Burning

Burning

The only way to make the serenity of a place detached from civilization intense is to frame it from the perspective of lonely people. Lee Chang-dong‘s long-anticipated, immediately-acclaimed Burning is able to craft this in two ways for two different individuals. Lee Jong-su is always dwarfed by the rural nature of the farm his family grew up with, and it furthers his status as a true Murakami protagonist with a total lack of direction in a world of constant mystery. Hae-mi is lyrical and fluid in her movements, someone who wishes to revel in her lack of direction and entrapment, and even does so for once in a stunning moment underscored by a particular Miles Davis track, but comes back to the suffocating truths that Jong-su seems to take as just another event. Add Ben to the equation, and the feelings stir more to reflect on a shared young adult ennui next to someone with the best of their years already starting.

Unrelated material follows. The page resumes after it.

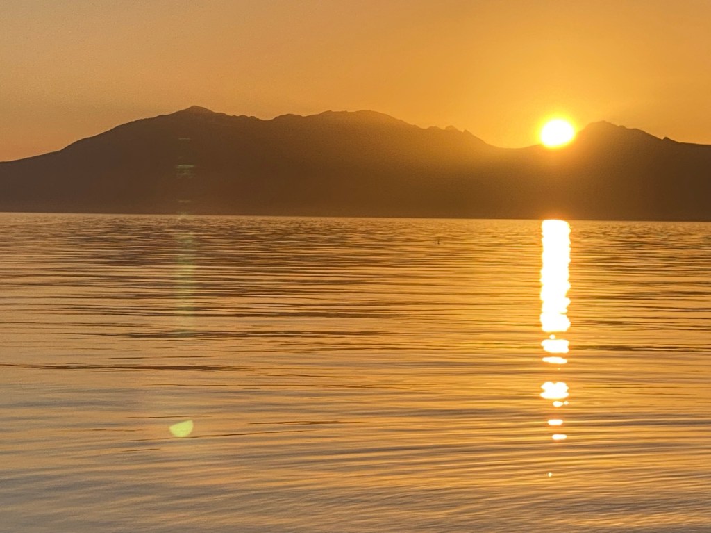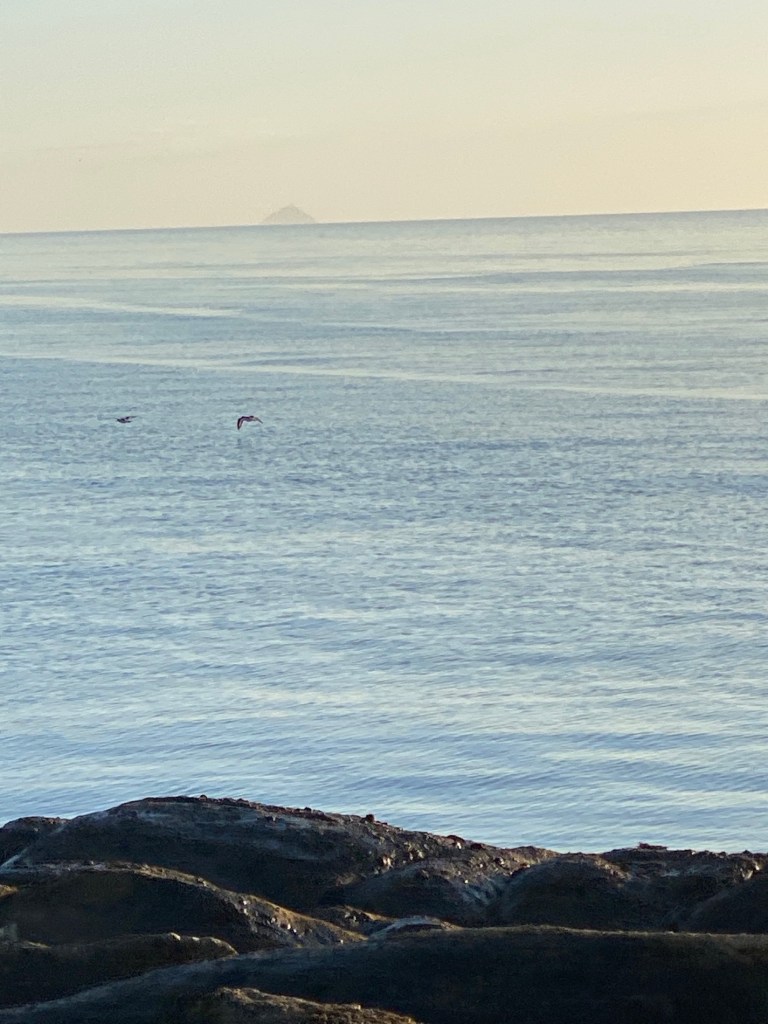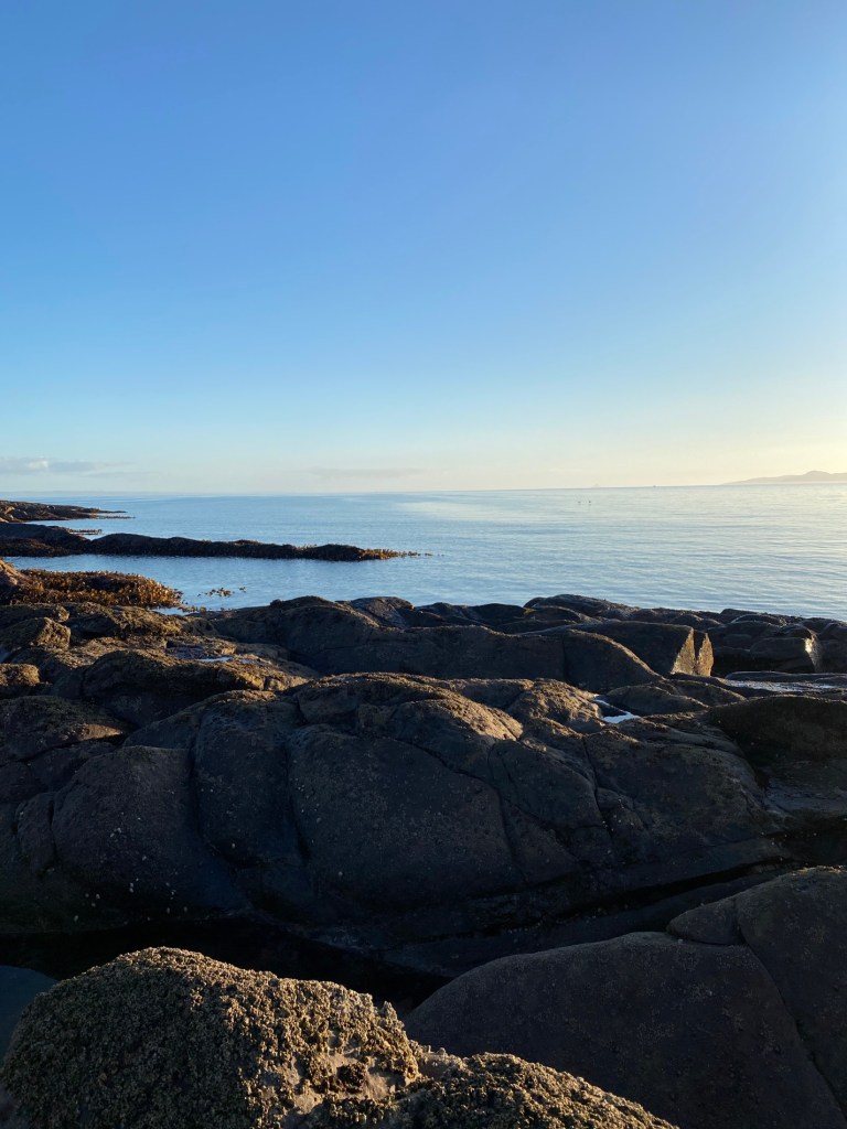 I’m sitting on a large barnacled rock, beside the calmest sea I have seen in a very long time.

Other reviewer‘s here have applied a socioeconomic reading to the film, and it’s valid. The situation of Ben contrasted with the other two leads is made overt, with his endless circle of friends and the apparent sociopathy he possesses with his odd pastime. Another reading is possible when considering how ambiguous the narrative becomes, in true fashion of the source material’s author of enigmatic fiction. Why question Ben’s culpability when Jong-su is merely more passive in his obsessions? Quiet observation is one thing, and the lack of reaction on his part to various problems befalling him before the disappearance of Hae-mi could be attributed to being a passenger before he makes a move at last. At the same time, he may be digesting all the reasons to lose form. His father’s anger issues, lonely occupation of a farm, no ideas for a novel he wishes to write, there’s no direction and nothing to lose. His response to what he perceives as a sinister threat to his desires makes perfect sense, even if it might not even be what he thinks it’s for.